Assuming that a 'black hole' has anything to do with 'real holes' in space just because such an object might 'look' like a hole, make as much sense as thinking that the 'wile E coyote's' picture of a tunnel on a cliff face 'is' a tunnel because it 'looks' like one.

A very dense object will have an incredibly strong gravitational field, and this will compress matter into extraordinary states. But just because the gravity and space inside such an object may be warped to extreme limits, .e.g. 'A Singularity', unless we have also proven the existence of time, there is no reason to think that at the centre of this dense object a tunnel or worm hole to another similar object elsewhere, or to another time, may exist..

Gravitational singularity - Wikipedia, the free encyclopedia

(In the sense that the objects we call black holes are probably the most solid and dense objects in the universe, logically they are as far away, or opposite to a 'hole' as we can actually get - but it still makes sense to ask what would happen if we could travel through or send signals through such an object ).

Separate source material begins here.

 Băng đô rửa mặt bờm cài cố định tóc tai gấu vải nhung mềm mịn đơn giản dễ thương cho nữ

If we look at how this all started, a 'black hole' - what ever you want to call it - is just a very dense collection of matter. So dense in fact, that at it centre gravity may be so strong that mater is squashed into a form we can't understand, and the rate at which things change there may be dilated (slowed) to virtually or even completely 'zero'. And also so dense, that at the objects surface the 'escape velocity' is greater than the speed of light.

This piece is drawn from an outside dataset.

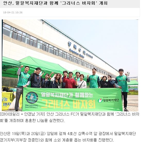 [OSEN] 안산, 밀알복지재단과 함께 '그리너스 바자회' 개최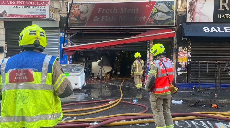 Six fire engines and about 40 firefighters tackled the blaze at the shop in Woolwich New Road, Woolwich, on Sunday morning.

This makes for a truly fascinating and unique kind of object, but still an object that you could 'put in a box' so to speak, or walk around and look at for any and all sides.

I.e. just an object, with a very unusual state of matter at it's core. - And in my opinion not something that proves that time exists, or that tunnels through space and time can be made. (sadly)

A Simpler 'wormhole' - thought experiment.

Diagram - A less glamorous way of trying to enter or pass through a highly 'massive' object - often misleading called a 'black hole'. We could never construct such a tunnel, but it is useful to consider its effect.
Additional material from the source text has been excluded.